13. Though the learned single Judge has not specifically discussed the question of adverse possession, yet he concurred with all the findings reached by the trial Court. After careful analysis of the evidence, both oral and documentary, we do not find any irrationality in the finding justifying its reversion. We agree with the finding reached by the trial Court that the respondent had been in continuous possession of the suit land from the date of purchase and hence to have perfected title against the true owners by adverse possession.
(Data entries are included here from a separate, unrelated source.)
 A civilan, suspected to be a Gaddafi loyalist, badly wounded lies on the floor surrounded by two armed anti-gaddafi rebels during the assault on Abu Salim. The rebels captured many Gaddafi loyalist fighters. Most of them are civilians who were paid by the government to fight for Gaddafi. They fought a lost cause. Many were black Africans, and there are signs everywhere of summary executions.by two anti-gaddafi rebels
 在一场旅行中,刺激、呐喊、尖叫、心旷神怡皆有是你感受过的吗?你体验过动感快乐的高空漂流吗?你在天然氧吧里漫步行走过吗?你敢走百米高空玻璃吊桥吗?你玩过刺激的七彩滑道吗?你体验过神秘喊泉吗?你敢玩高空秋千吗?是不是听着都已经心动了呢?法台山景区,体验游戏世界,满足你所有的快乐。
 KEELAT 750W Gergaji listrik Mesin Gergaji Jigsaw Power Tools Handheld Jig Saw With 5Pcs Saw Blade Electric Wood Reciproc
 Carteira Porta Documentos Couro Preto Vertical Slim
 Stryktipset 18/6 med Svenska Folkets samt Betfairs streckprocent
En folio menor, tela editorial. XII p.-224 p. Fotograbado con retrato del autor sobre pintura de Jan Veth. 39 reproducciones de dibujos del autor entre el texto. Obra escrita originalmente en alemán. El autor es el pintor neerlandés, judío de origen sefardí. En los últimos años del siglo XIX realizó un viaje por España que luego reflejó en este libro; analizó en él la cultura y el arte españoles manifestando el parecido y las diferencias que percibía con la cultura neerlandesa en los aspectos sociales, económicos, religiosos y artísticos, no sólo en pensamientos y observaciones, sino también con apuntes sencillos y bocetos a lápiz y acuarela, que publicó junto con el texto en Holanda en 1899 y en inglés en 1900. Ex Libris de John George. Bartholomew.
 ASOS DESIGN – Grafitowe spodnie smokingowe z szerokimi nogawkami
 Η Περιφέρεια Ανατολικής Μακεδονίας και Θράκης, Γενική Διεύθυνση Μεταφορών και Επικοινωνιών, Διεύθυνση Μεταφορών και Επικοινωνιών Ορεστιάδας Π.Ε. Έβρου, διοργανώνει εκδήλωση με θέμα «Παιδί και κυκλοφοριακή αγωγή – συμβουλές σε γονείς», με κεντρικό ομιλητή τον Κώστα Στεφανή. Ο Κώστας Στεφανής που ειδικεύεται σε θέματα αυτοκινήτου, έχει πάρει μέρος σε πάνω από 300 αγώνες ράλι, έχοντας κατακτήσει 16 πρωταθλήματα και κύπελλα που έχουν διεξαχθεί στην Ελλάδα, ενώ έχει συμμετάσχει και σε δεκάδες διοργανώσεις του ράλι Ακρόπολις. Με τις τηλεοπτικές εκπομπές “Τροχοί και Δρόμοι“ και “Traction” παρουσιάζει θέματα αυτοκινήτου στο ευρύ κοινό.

14. While we reach such conclusion we have however also to advert to the submission urged on behalf of the appellants of the sales to have been invalid because the transfer of the land had not been made with the sanction of the competent authority as laid down under Section 47 of the Act. It has to be said at the outset that this submission having been given up before the learned single Judge, it cannot be raised at this stage. It is however argued before us that since it is a question of law, the question can be raised also at this stage and that the concession was not legally sound. Section 47 of the Act, which has since been deleted on 18-3-1969, barred any permanent alienation or any other transfer of land unless it was made with the previous sanction of the Tahsildar. Admittedly, no such permission had been taken when Exs. B-1 and B-2 were executed though Section 47 of the Act was then in force. The sales hence were apparently invalid. Section 50-B which was brought in by the same amendment provided for validation of the invalid sales on application to be made within the prescribed period to the Tahsildar for a certificate declaring the alienation or transfer to be valid. No such application had been made by the respondent for validation. We have hence to hold that the sales were invalid. Same conclusion was reached by a learned single Judge of this Court in respect of a similar sale in M. Seeta Devi v. M.R.O., 1990 (1) APLJ 219
15. An argument has been advanced by the learned Counsel for the respondent that where the intending purchaser has been put in possession in pursuance of a written contract of sale in terms of Section 53-A of the Transfer of Property Act at a time when Section 47 of the Act was in force, the validity or invalidity of the transaction is no more relevant after deletion of Section 47 of the Act. We do not propose to go into the question as it does not arise in the present case and since it is not the case that the respondent was put in possession of the land in pursuance of an executory contract and the sale deed to be executed later on. But, Exs. B-1 and B-2 were out and out sales with divestiture of rights, title and interest of the vendors putting the respondent in possession. Such sales without obtaining the permission of the Tahsildar were invalid.
16. Even though we reach such conclusion, yet as it has been held earlier that the respondent had perfected title by adverse possession, the effect of the litigation remains the same. We hold this appeal to have no merit which is dismissed with costs.